Das neue Defense-Studio von Accenture in Berlin setzt auf modernste Technologien für Streitkräfte: Interoperable C2-Systeme, Simulationen und KI-gesteuerte Lösungen sollen die Einsatzbereitschaft optimieren. Kevin Thiele, Managing Director bei Accenture, gibt im Interview mit ES&T exklusive Einblicke in das Common Synthetics Environment und erklärt, wie Accenture mit innovativen Konzepten die Bundeswehr und internationale Partner zukunftssicher macht.
ES&T: Was sind aus Ihrer Sicht die spannendsten Produkte und Technologien, die im neuen Defense-Studio präsentiert werden? Welche Schwerpunkte setzen Sie dabei?
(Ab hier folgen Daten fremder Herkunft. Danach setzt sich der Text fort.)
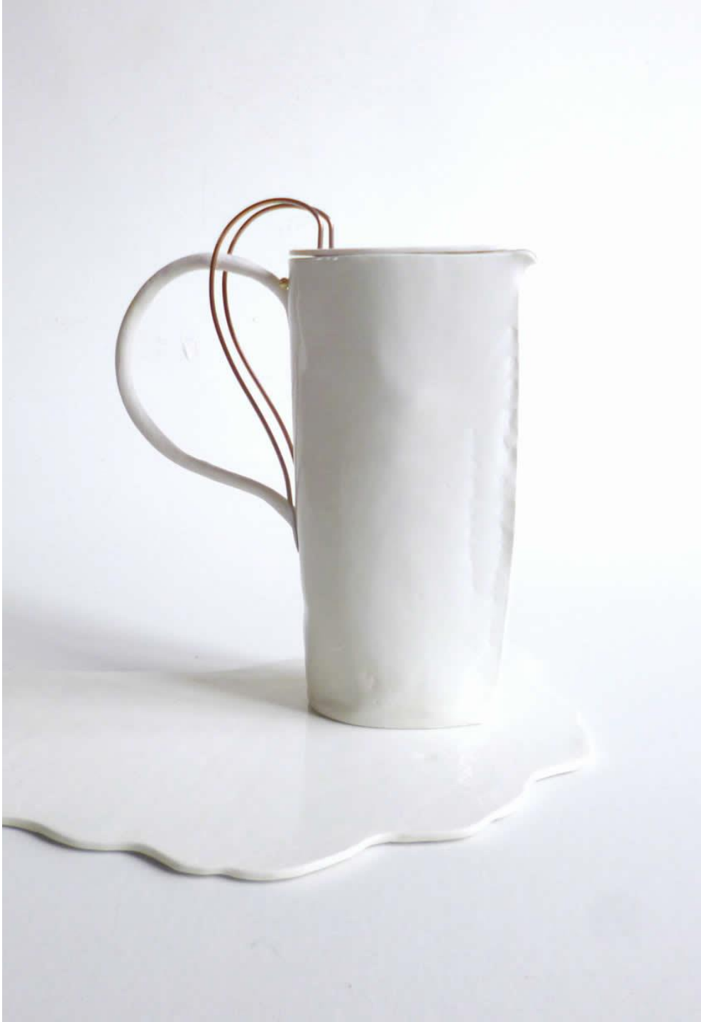
Rythm Coffe jug

Amazing sculptural piece. With a game of arabesque lines of porcelain and brass for the handle.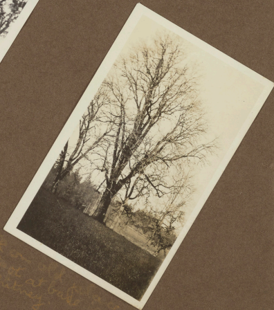
Oak with yellow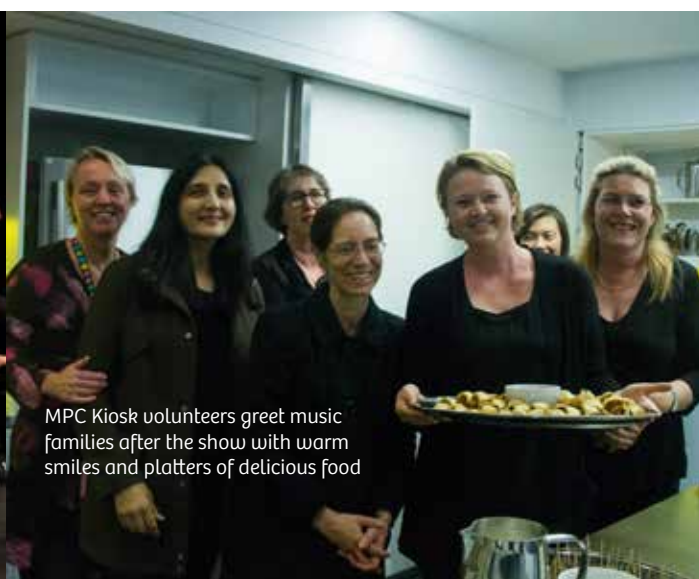
MPC Kiosk volunteers greet music families after the show with warm smiles and platters of delicious food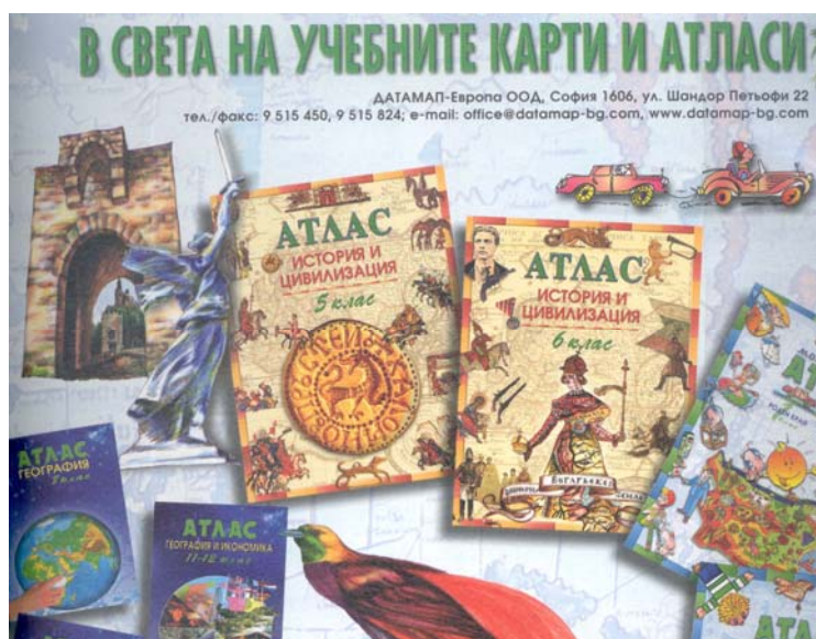
Figure 1. Some covers of educational Atlases in a Poster

We are living in a time of rich information society in a global world with many communication possibilities. Cartography is developing incredibly in the technology aspect. Old paper version products started to be not enough attractive to students. The tasks of cartographers have to find a closer way of communication with students in historical lessons and this could be achieved by quality information representation and attractiveness of cartographic products. In some studies we can find that the communicative map quality means the effectiveness to what extent the information transfer occurs. And all this could be a part of the total quality of a map with communication purposes. Also some authors speak about another aspect of cartographic quality as attractiveness of the map (Vansteenvoort Liesbeth, De Maeyer Philippe, 2005). Combining all these tasks and using curriculum in history, as well as a new design and high quality printing it is achieved the great students' and teachers' interest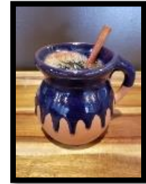
Café de Olla, spiced sweet Cinnamon Coffee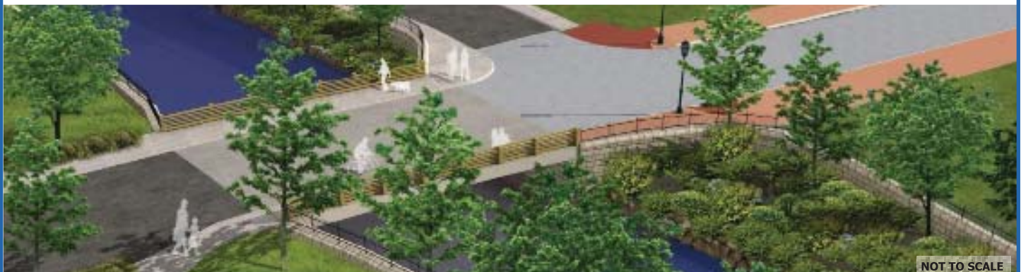
RENDERING OF MASON ST. BRIDGE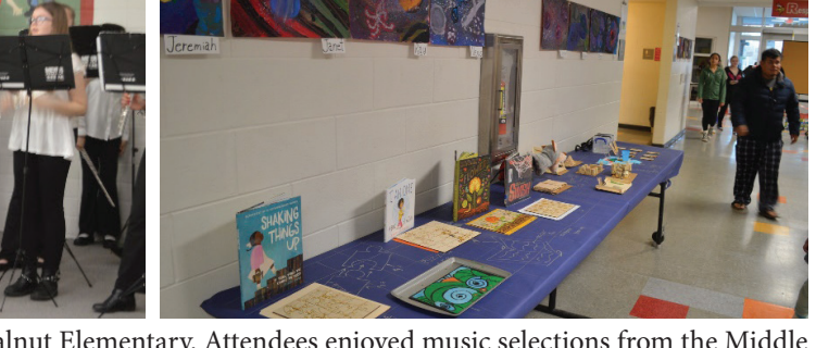
Bangor Creates night took place on March 20, at South Walnut Elementary. Attendees enjoyed music selections from the Middle and High School Jazz Bands, and admired the art projects of students from preschool aged up to high school.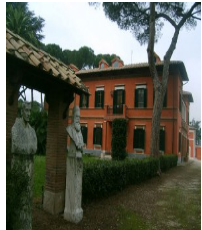
Villa Serenella Monastery

This Semester-in-Rome program is unique, not simply because of its internships but because it is the only such program in the United States that actually places interns inside the Vatican while offering guided tours of the Congregation for the Doctrine of the Faith by curial officials.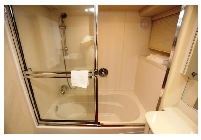
Pacific Mariner Master Bath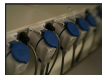
QUICK & EASY OPERATOR MAINTENANCE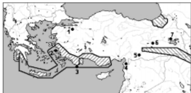
Fig. 2. – Distribution of Iuridae: Iurus dufoureyus according to KINZELBACH (1985) ///; CRUCITTI (1995b) ..... Calchas nordmanni according to KINZELBACH (1985) \\\ and recent new findings: 1 = VACHON & KINZELBACH (1987); 2 = Island of Samos (SISSOM, 1987); 3 = Megisti Island (collection Braunwalder); 4 = Antakya; 5 = Halfeti, 6 = Malatya, 7 = Nemrut Dagı (collection Kovárik, pers. comm.).

The only species currently recognized is Iurus dufoureyus (Brullé, 1832), common in the southern Greece, the Aegean islands and southern Turkey. Its ecology in Peloponnesos was recently studied by CRUCITTI (1995a, b). The type locality is unclear and was referred only to "Morea". Type(s?) probably is lost. Designation of the neotype is planned from Greece. The status of subspecies I. d. asiaticus Birula, 1903 (type in St. Petersburg) from Anatolia is problematic. Francke (1981) considered it a separate species. KRITSCHER (1993) analyzed a larger series of specimens and concluded that this form has only the status of a subspecies. Variation of this species from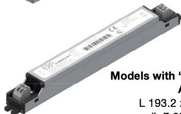
Models with "-T" Suffix (Terminal Blocks), Aluminum Case:

L 137 x W 26.25 x H 23.85 mm (L 5.39 x W 1.03 x H 0.94 in)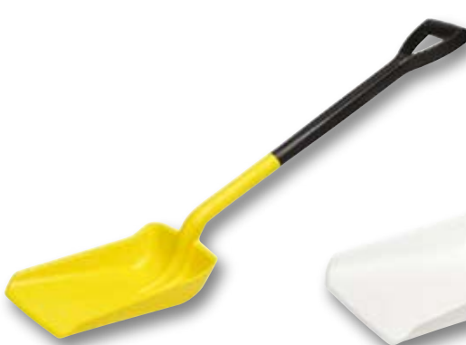
HCH - 24 HCH - 25 HCH - 26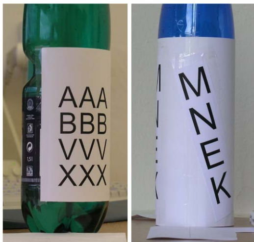
Fig. 4 The bottle images used in the experiment: the letters without rotation ( left ) and with rotation ( right , one sample)

and slight perspective is present. Scaling must be also considered, since the size of the captured letters and database templates may not match.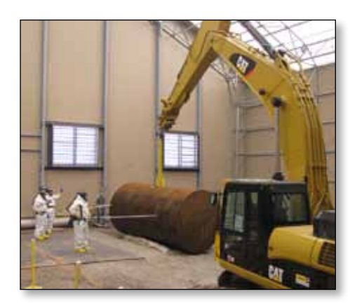
Workers practice tank removal inside the Tank W-1A enclosure.

Darby said about 355 cubic yards will be excavated. The resulting hole will be back-filled with an impermeable grout. "It will prevent recontamination of the limited tank area," said Darby. "Contamination from adjacent areas will not re-contaminate the excavated area." The area is under an enclosure to prevent rain from getting in the hole and allow all-weather activities.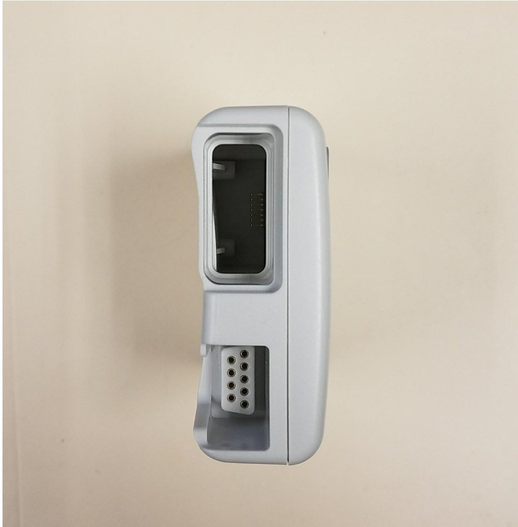
Host Device – Top Side

FCC Part 15/ISED Certification 07P-341 0147A-341 17-0338 March 30, 2018 Inventek ISM43340-M4G-L44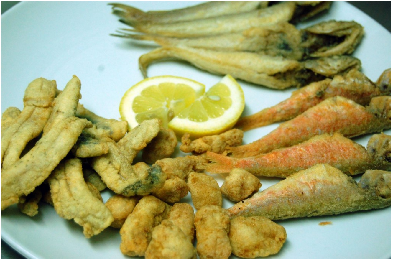
assorted pescadito frito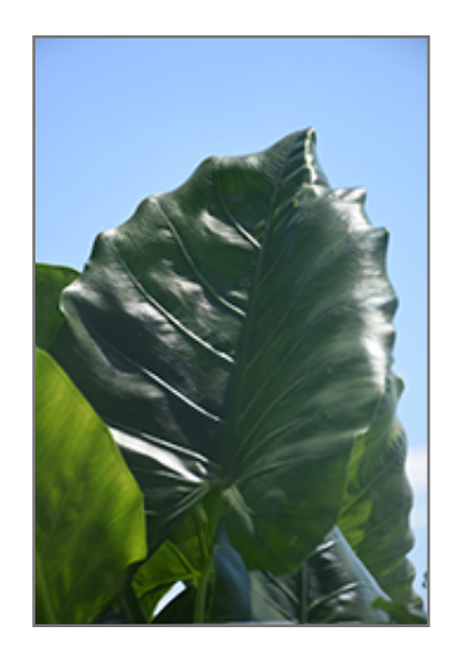
Borneo Giant Elephant's Ear foliage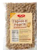
IT-005 Tapioca Pearls - Quickly Cook 快煮珍珠 Weight: 2kg(4.41lbs) 2kg*8Bags/Carton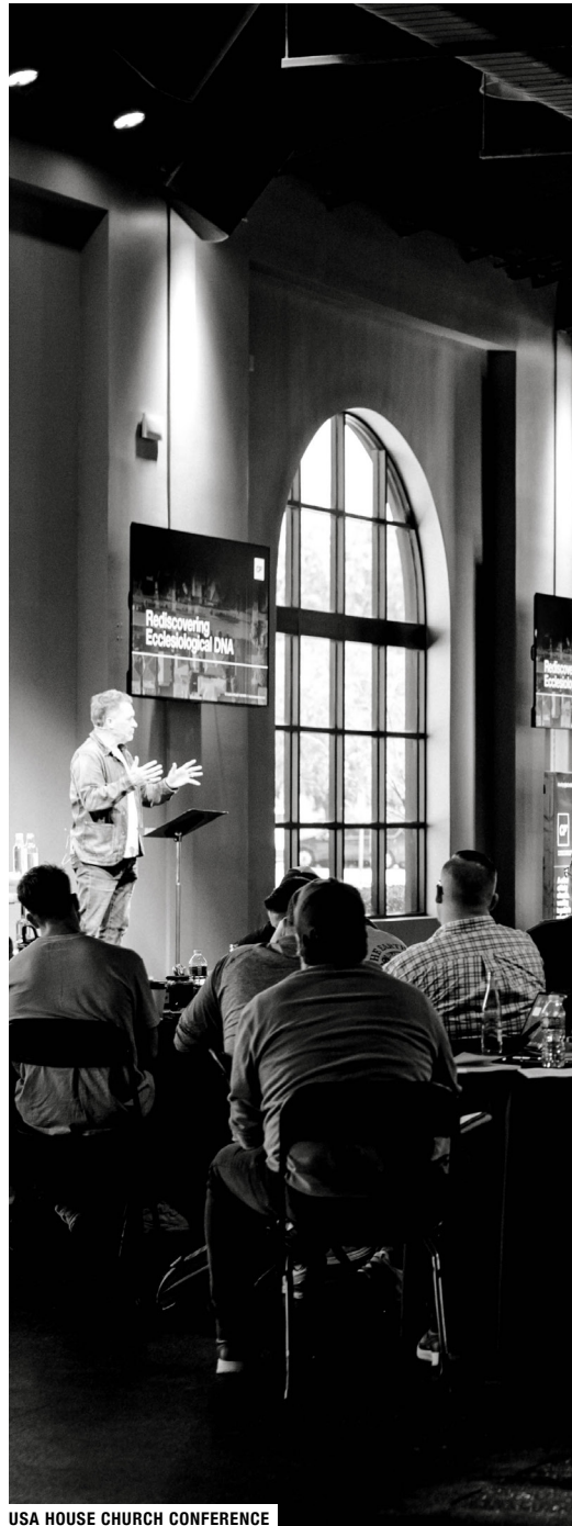
USA HOUSE CHURCH CONFERENCE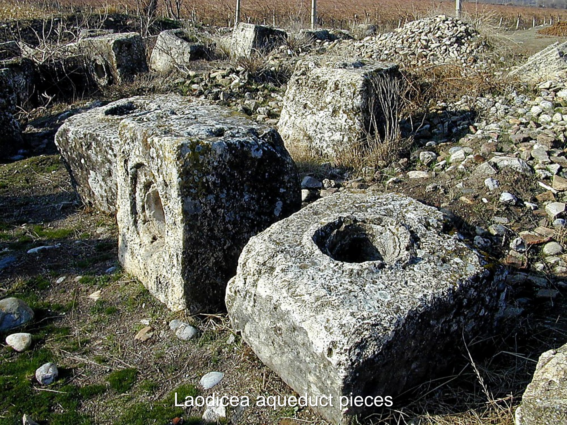
Laodicea aqueduct pieces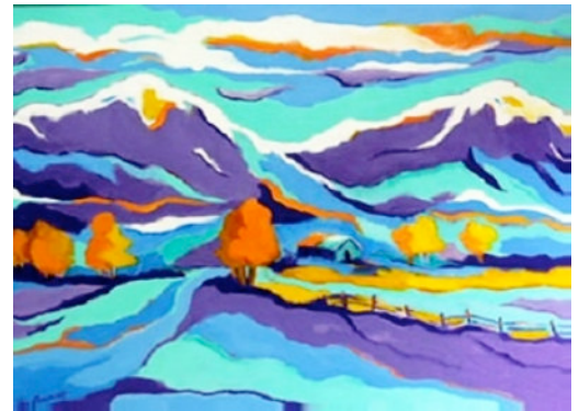
"Spanish Peaks", a 20"x30" oil painting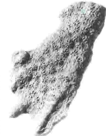
Constellaria florida , collected from the Maysville Formation, Cincinnati, Ohio

Constellaria , genus of extinct bryozoans (small colonial animals that produce a skeletal framework of calcium carbonate) especially characteristic of Ordovician marine rocks (505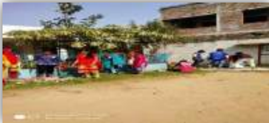
Shramdan by Volunteers: Figure-1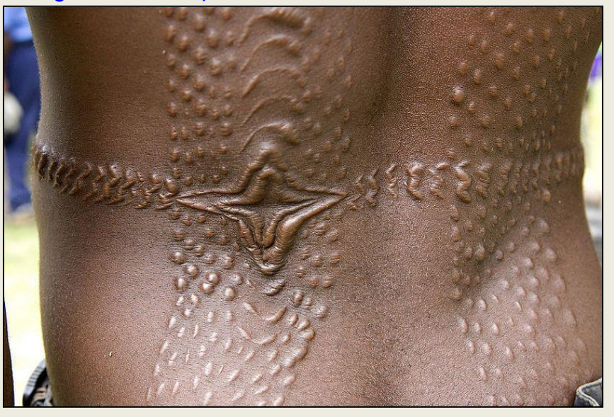
ECOTOURISM MELANESIA LTD

17:00 Rendezvous with your vehicle and commence the two hour drive back to Wewak - it often rains in the late afternoon so if the "daily deluge" begins earlier than expected you are welcome to request an earlier return to Wewak. (The car and driver will be there early). 19:00 Arrive back at your hotel in time for dinner. (If you're going to be late we'll call ahead and ask the kitchen to keep dinner for you). Overnight 4 star accom, Wewak - includes hot breakfast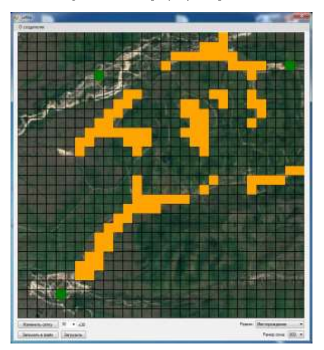
Figure 2: The position of deposits and inaccessible areas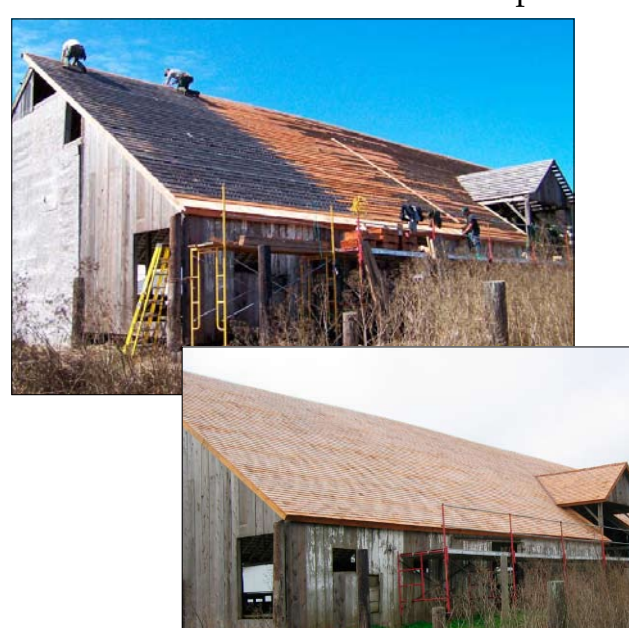
Stabilization of roof at the D Ranch Milking Barn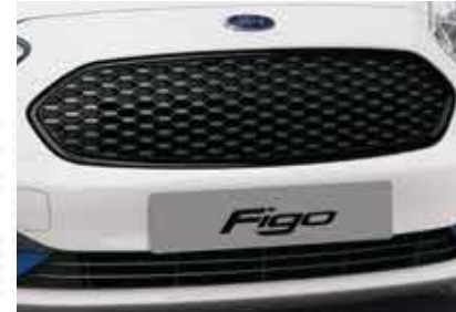
Sporty Cellular Grille The sporty cellular grille gives a smart, bold look to the Ford Figo.

Dual Tone Roof Contrasting colours on the roof make the Ford Figo a sight to behold.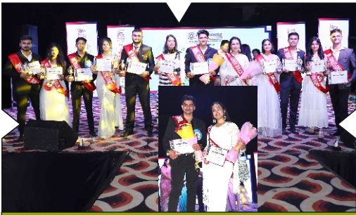
Reeth 2023- The Fresher's Party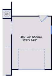
3RD CAR GARAGE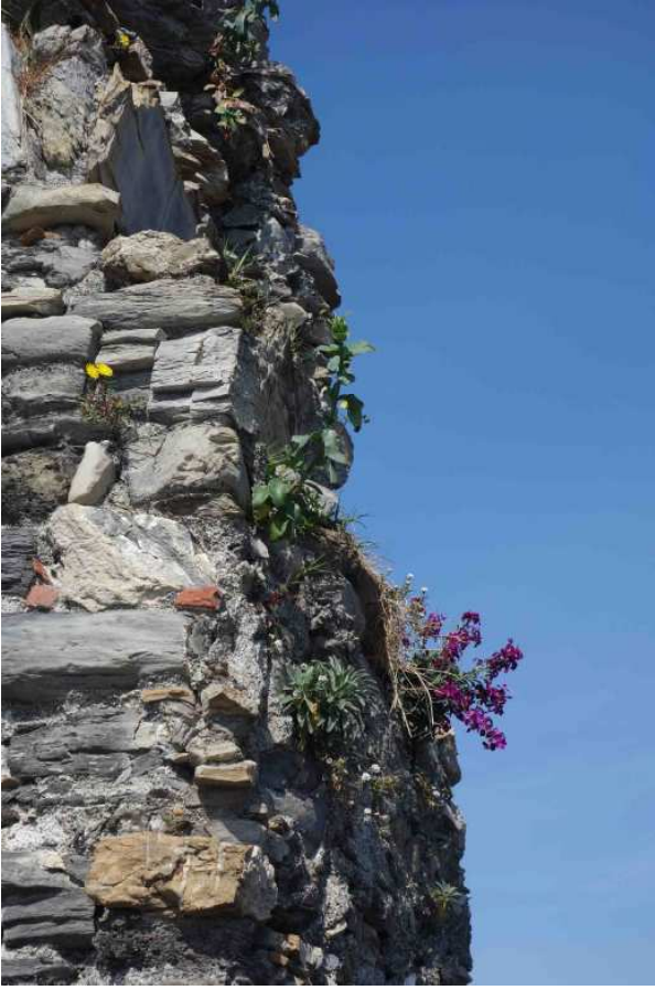
Figure 9 Matthiola incana L. (purple flower) and Lobularia maritima (L.) Desv. (white flower) on the West side walls of the promenade facing Genoa, below the Lanterna, June 2015 © R. Bruzzone.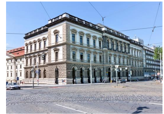
Czech Technical University in Prague.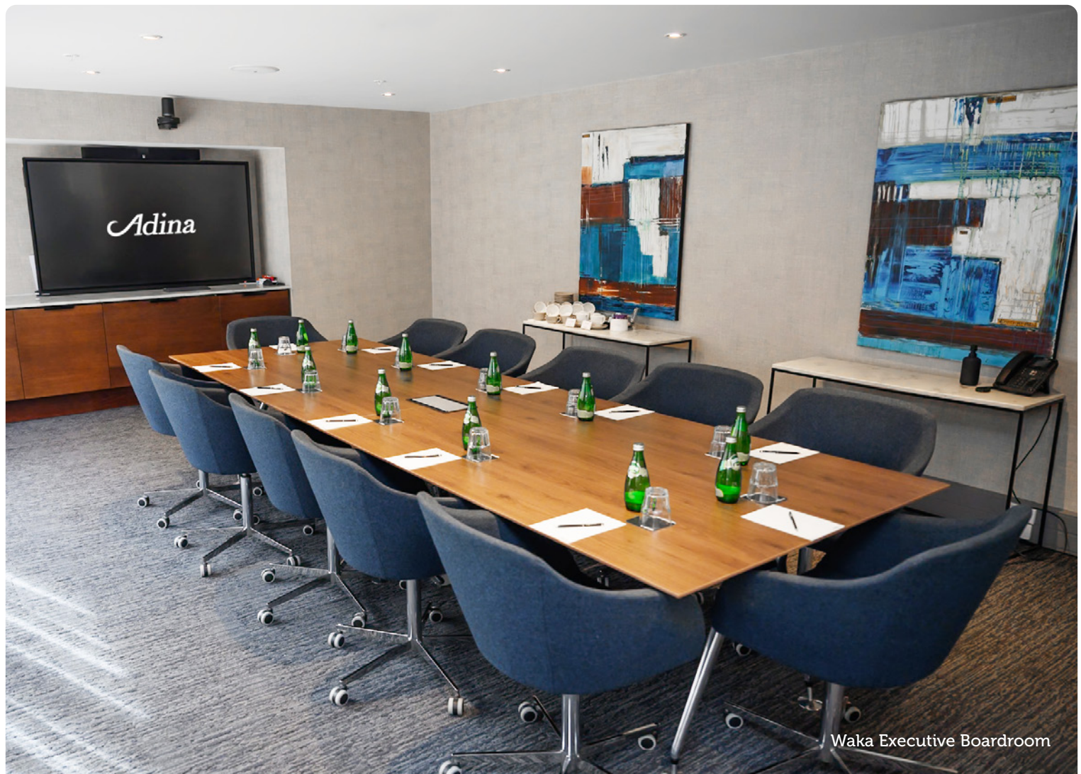
Waka Executive Boardroom

Thiele: In unserem Defense-Studio in Berlin werden moderne technische Lösungen wie C2- oder Battle Management Systeme – zum Beispiel das in vielen NATO-Ländern eingesetzte SitaWare – mit militärischen Simulationen sowohl konstruktiv als auch virtuell zusammengebracht. Die wesentliche Innovation besteht darin, dass diese, sich häufig schon im Einsatz befindlichen Systeme nun in ein Gesamtsystem integriert werden und miteinander interagieren. Das ist ein sehr innovativer Ansatz, da er die aktuellen Silos dieser Systeme aufbricht und in der Kombination einen deutlichen Mehrwert für den Nutzer schafft. Out of the box ist die Integration zum Teil nur sehr eingeschränkt möglich, weshalb wir ein ganzheitliches Framework geschaffen haben, um das Common Synthetics Environment (CSE) zu ermöglichen. Der Fokus dieses Frameworks ist die Ausbildung und Übung – wobei wir mit dem CSE in der Lage sind, die aktiv übende Truppe mit virtuell übenden Truppenteilen zu verbinden und feindliche Kräfte in der Simulation entsprechend zu modellieren. Dies lässt sich selbstverständlich auch auf Missionsplanung und Nachbereitung ausweiten. Aber auch im Bereich Capability Development und oder zur Unterstützung des Wargamings lässt sich CSE nutzen.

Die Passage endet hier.